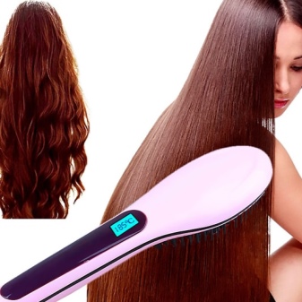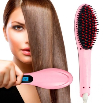 - Very good idea, suitable for leveling, comb-straightener. The product works from the network, some of them straighten hair by heating the teeth, while the effect of others is explained by the effect of ions on the hair structure.
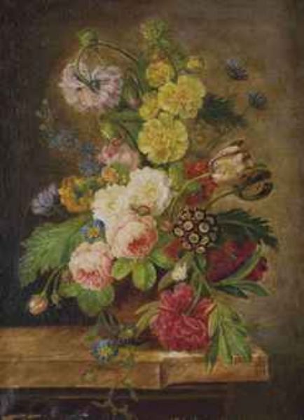 | Vase avec pivoines, roses et tulipes, liserons et autres fleurs sur un entablement en marbre | |
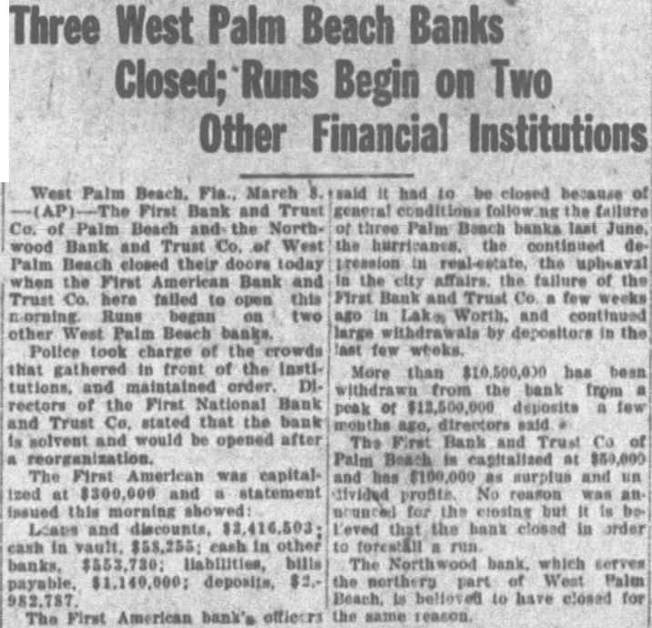 WEST PALM BEACH, March First Bank and Trust Company Palm Beach and the Northwood Bank and Trust Company of West Palm Beach clostheir doors today when the First American Bank and Trust Company here failed this morning. open Runs began two other Palm Beach banks. Police took charge of the crowds that gathered in front of the instituand maintained order. Directors of First American Bank and Trust Company stated that bank would opened after The directors stated that they have than legal reserve on hand. The First American Bank's said had to closed general conditions following failure of three Palm Beach banks last June, the hurricanes, the continued in real estate, the upheaval the city affairs, failure of the First Bank and Trust Company weeks ago in Lake Worth continued withdrawby depositors in the past weeks. It capitalized at First Bank and Trust pany of Beach capitalized $50,000. No reason was announced the closing but is believed that the bank closed in order to forestall The Northwood Bank, which the northeastern part of West Palm Beach, believed to have closed the same reason.

=====

Work instruction →
Word for word, retype the lines from the one with "en marbre | |" through the final line of the data, both included. No pictures belong in the copy.

Final answer →
 | Vase avec pivoines, roses et tulipes, liserons et autres fleurs sur un entablement en marbre | |
 WEST PALM BEACH, March First Bank and Trust Company Palm Beach and the Northwood Bank and Trust Company of West Palm Beach clostheir doors today when the First American Bank and Trust Company here failed this morning. open Runs began two other Palm Beach banks. Police took charge of the crowds that gathered in front of the instituand maintained order. Directors of First American Bank and Trust Company stated that bank would opened after The directors stated that they have than legal reserve on hand. The First American Bank's said had to closed general conditions following failure of three Palm Beach banks last June, the hurricanes, the continued in real estate, the upheaval the city affairs, failure of the First Bank and Trust Company weeks ago in Lake Worth continued withdrawby depositors in the past weeks. It capitalized at First Bank and Trust pany of Beach capitalized $50,000. No reason was announced the closing but is believed that the bank closed in order to forestall The Northwood Bank, which the northeastern part of West Palm Beach, believed to have closed the same reason.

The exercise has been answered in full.